(Beginning of Available data)

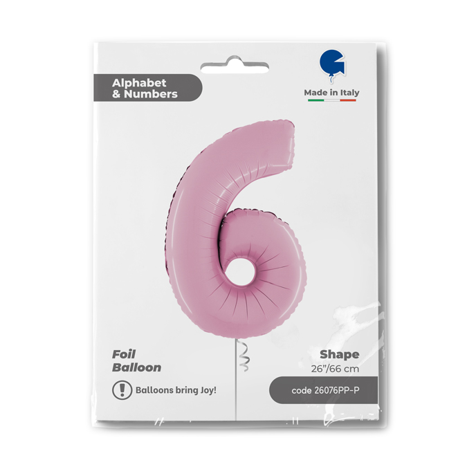 Number 6 pastel Pink (66cm,26") foil balloon - 26076PP-P-Packaged-1.jpg
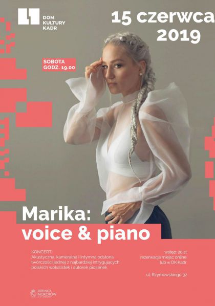 Marika wystąpi w towarzystwie pianisty Patryka Kraśniewskiego. W duecie wykonają utwory z ostatniej płyty oraz największe przeboje Mariki w zupełnie nowych, akustycznych aranżacjach. Będzie intymna atmosfera do pośmiania się, ale też do popłakania. Po koncercie odbędzie się spotkanie z artystką, Marika będzie miała ze sobą płyty oraz książkę. Idealna propozycja na sobotni wieczór.
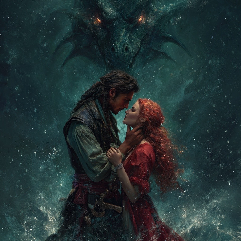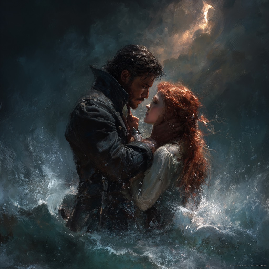 Dark cinematic romantasy rock ballad, Slow burn, forbidden love, Brooding male lead vocals—deep, restrained, emotionally controlled until explosive chorus, Cinematic orchestral undercurrent with low strings, deep drums, electric guitar, distant choir, Storm and fire imagery throughout, Lyrics about defying gods and the sea for love, Intimate menace, devotion, inevitability, Moody, epic, not pop, Slow build to powerful final chorus

(End of Available data)

> _Your goal_
Pictures stay out. Print the data exactly, from its first line through the line containing "Marika wystąpi w".

> _Exercise response_
 Number 6 pastel Pink (66cm,26") foil balloon - 26076PP-P-Packaged-1.jpg
 Marika wystąpi w towarzystwie pianisty Patryka Kraśniewskiego. W duecie wykonają utwory z ostatniej płyty oraz największe przeboje Mariki w zupełnie nowych, akustycznych aranżacjach. Będzie intymna atmosfera do pośmiania się, ale też do popłakania. Po koncercie odbędzie się spotkanie z artystką, Marika będzie miała ze sobą płyty oraz książkę. Idealna propozycja na sobotni wieczór.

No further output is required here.